I have two theories as to why:
1. I'm testing this .lua in a server alone, perhaps network_send() goes out to every player EXCEPT the one who sent it? The documentation for Co-Op DX did not mention this if it's true. This way, I'd simply never noticed in a 1-player server if a packet was sent since the only one to receive a packet would be the sender themselves who by definition in this theory cannot receive the packets they send.
2. I'm playing on a bogus server that nobody can join via Direct Connection. This means that technically it can never be anything but a singleplayer game and perhaps networking capabilities are failing due to the bogus server config? This one seems far less likely to me than my first theory, but I thought I'd bring it up anyway.
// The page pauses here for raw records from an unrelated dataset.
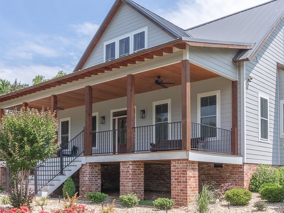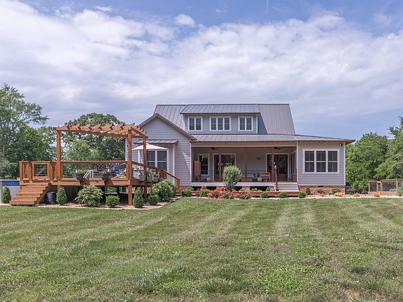 ***UC w/kickout clause in place, homesale contingent, please show!*** custom built and formerly owned by a local builder. Home sits on 5 mostly open and flat acres, circled by trees adding to the seclusion and privacy. Modern farmhouse style fiber cement construction with lots of landscaping front, back, and sides. Dont feel like watering all those plants? Dont have to, theyre on a timer. Gorgeous tongue & groove ceilings thru-out most of first floor. Ten foot ceilings, eight foot solid core interior and exterior doors. Exposed rafter tails sit above brick rain ditches. Standing seam metal roof. Oversized composite front & back covered porches. Open great room & kitchen. Separate Den. Two bedrooms on Main floor including primary. Two bedrooms upstairs with converted attic space for cubbies / play area / etc. Generous and well lit flex space at the top of the stairs. Encapsulated crawl space & spray foam insulation. 2024 pool liner!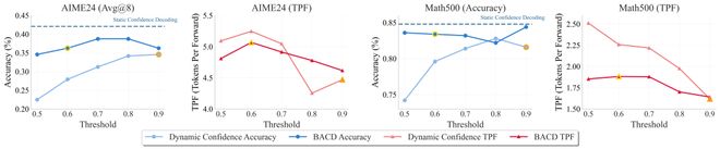 首先,研究团队比较了在不同阈值下的性能与速度权衡。如下图所示,对于 Dynamic Confidence Decoding,随着置信度阈值(Threshold)的降低,模型的性能会出现肉眼可见的衰退。相比之下,BACD 在获得持续效率增益的同时,依然维持了稳定的性能表现。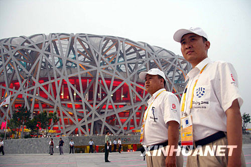 7月30日,兩名安保人員在執(zhí)勤。當晚,第29屆夏季奧運會開幕式在北京國家體育場進行封閉式彩排。奧運安保人員定崗定責在國家體育場接受實際檢驗。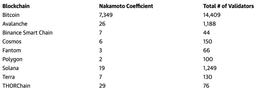 ค่า Nakamoto Coefficient ของ Blockchain ต่างๆ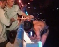 這名男子得手之后,企圖奪路而逃?删驮谒R上就要跑出銀行的一霎那,一名銀行安保飛身撲了過去,把他按倒在地。

Any ideas guys? Many thanks : )
 
Solution
Doing ["sig"] is incorrect, it would be packet.sig.
I'm playing on a bogus server that nobody can join via Direct Connection. This means that technically it can never be anything but a singleplayer game and perhaps networking capabilities are failing due to the bogus server config?
Thats fine, not the problem.

Make sure you have another client open, you can't send packets to yourself.
Doing ["sig"] is incorrect, it would be packet.sig.
I'm playing on a bogus server that nobody can join via Direct Connection. This means that technically it can never be anything but a singleplayer game and perhaps networking capabilities are failing due to the bogus server config?
Thats fine, not the problem.

Make sure you have another client open, you can't send packets to yourself.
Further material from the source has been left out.